Ayzad, XXX. Il dizionario del sesso insolito, Castelvecchi. Edizione Kindle.

But few people know that this erotic mis-en-scene has an illustrious forerunner: the first unwilling ponyboy in history was none other than the greatest philosopher of ancient times1, Aristotle!

(Well, not really. But what is reality, dear Aristotle?)

At the beginning of the 1200s, in fact, a curious legend began to circulate: the story featured Aristotle secretly falling in love with Phyllis, wife of Alexander the Macedonian (who was a pupil of the great philosopher) .
Phyllis, a beautiful and shrewd woman, decided to exploit Aristotle’s infatuation to teach a lesson to her husband, who was neglecting her by spending whole days with his mentor. So she told Aristotle that she would grant him her favors if he agreed to let her ride on his back. Blinded by passion, the philosopher accepted and Phyllis arranged for Alexander the Great to witness, unseen, this comic and humiliating scene.

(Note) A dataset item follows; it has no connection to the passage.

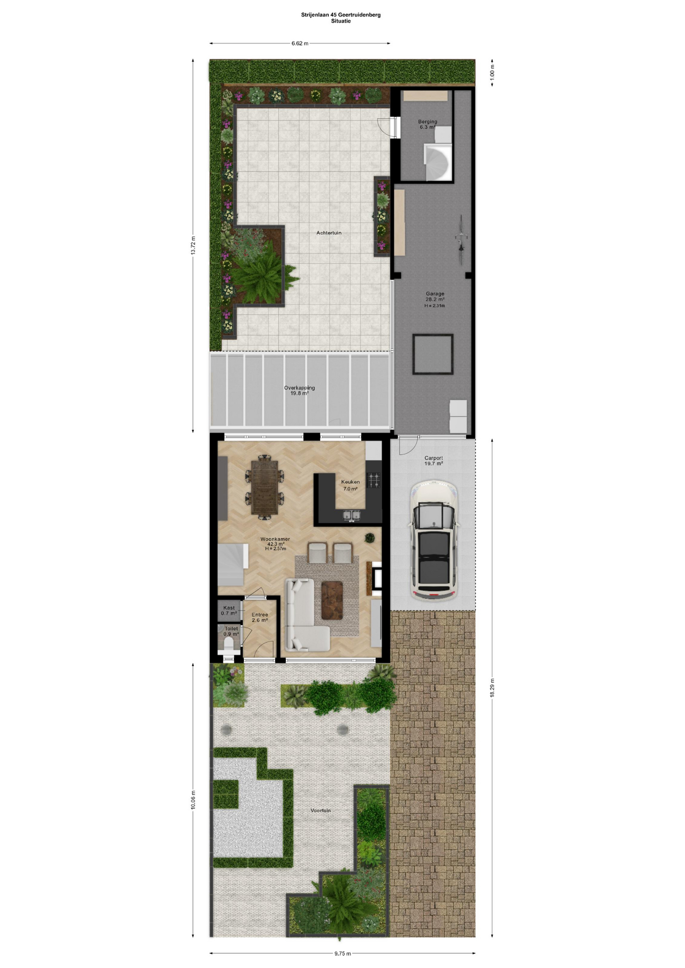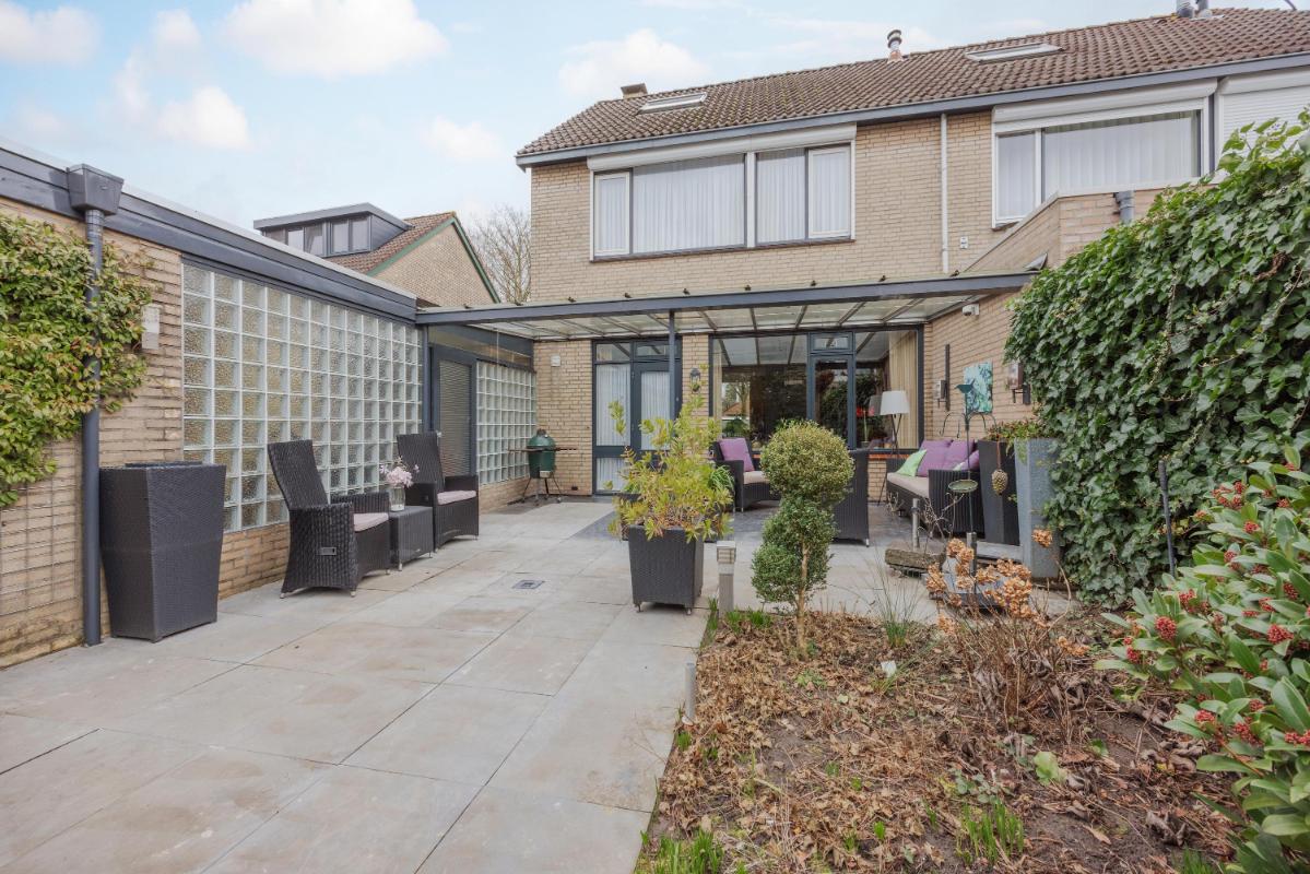 Buitenleven & Parkeren Al bij aankomst valt de royale opzet op. Geen parkeerstress hier; met een eigen oprit én een carport staat je auto altijd veilig en droog. De woning is gelegen op een prachtig perceel van 334 m² met een mooie vrije ligging. In de zonnige achtertuin vind je een sfeervolle overkapping, waar je tot in de late uurtjes buiten kunt genieten van de rust.

The story, mentioned for the first time in a sermon by Jacques de Vitry, became immediately widespread in popular iconography, so much so that it was represented in etchings, sculptures, furnishing objects, etc. To understand its fortune we must focus for a moment on its two main protagonists.

First of all, Aristotle: why is he the victim of the satire? Why targeting a philosopher, and not for instance a king or a Pope?
The joke worked on different levels: the most educated could read it as a roast of the Aristotelian doctrine of enkráteia, i.e. temperance, or knowing how to judge the pros and cons of pleasures, knowing how to hold back and dominate, the ability to maintain full control over oneself and one’s own ethical values.
But even the less educated understood that this story was meant to poke fun at the hypocrisy of all philosophers — always preaching about morality, quibbling about virtue, advocating detachment from pleasures and instincts. In short, the story mocked those who love to put theirselves on a pedestal and teach about right and wrong.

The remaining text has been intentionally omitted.